Thursday Salute to Originals: Artwork With A Soul
Children are fascinated by balloons. These simple objects dazzle as weightless toys bouncing to lofty heights, tentatively held to the ground by only a thin string. To adults these qualities have become mundane, yet a child can sit in awe of a balloon for hours on end. One artist stirs up the delight found in this weightlessness, spurring even the most solemn museum visitor to reach out and touch.
German artist Karina Smigla-Bobinski has created an inflatable installation that acts as both sculpture and artist. How is this possible? Her helium-filled drawing machine, named “ADA”, hangs tentatively in a gallery space, armed with spikes of charcoal that leave markings whenever the object is bounced into the walls, floor, or ceiling. The installation is activated by visitors surrendering to the innate tendency to reach out for the balloon to prevent it from hitting the floor. When touched, ADA bounces, dragging charcoal lines over pristine gallery walls.
Karina describes this piece as “artwork with a soul”; and it does certainly play on the concepts of autonomy and interaction. In fact, so much that it blurs the definition of art itself: what is the work of art here – the user, the balloon, or the markings left behind? Or the entire human/machine experience?
Interestingly, as the installation moves to different venues, the artist retires the previously used ADA and reconstructs an entirely original one for the new exhibition. Embedded in the memory of ADA is the simultaneous experience of kinetic art, drawing, performance, and sculpture, at once.

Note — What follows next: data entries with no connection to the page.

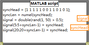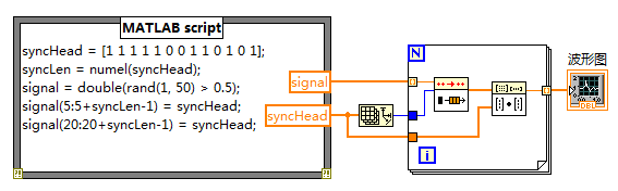 首先,信号的构造还是使用了MATLAB节点,这样比较方便而且便于调整,如下图所示:
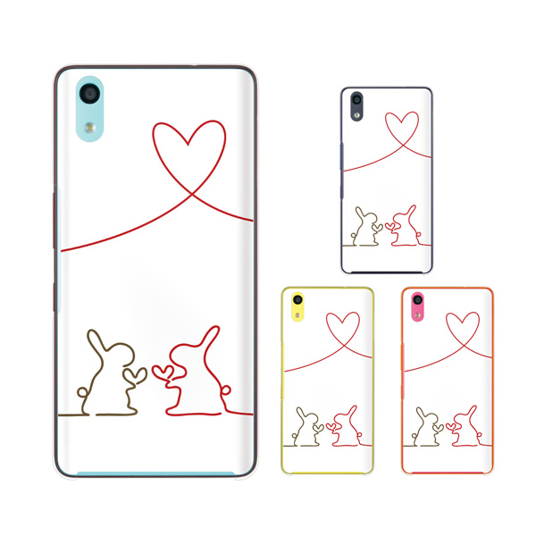au Qua phone QZ KYV44 スマホ ケース ハード カバー キュアフォン うさぎ 糸2 ハート 白
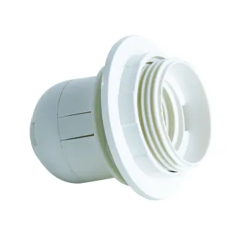 Weiße Lampenfassung mit Halbring, E27-Fassung.
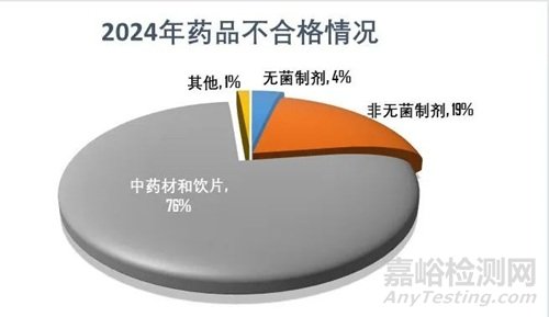 從下面的這個(gè)餅形圖中,大家可以一目了然地看出中藥材和飲片的不合格批次數(shù)量在2024年抽檢中是最多的,這也凸顯了其質(zhì)量把控方面更需要重點(diǎn)關(guān)注點(diǎn)。

This Thursday, we salute Karina Smigla-Bobinski for managing to capture so many facets of the artistic experience in a simple expression of form. We would love to get our hands on ADA, and perhaps experiment with inserting it into various forms of architecture to study the markings left when bouncing off different planes and materials. A bounce house for architects, if you will! We’ll salute to that.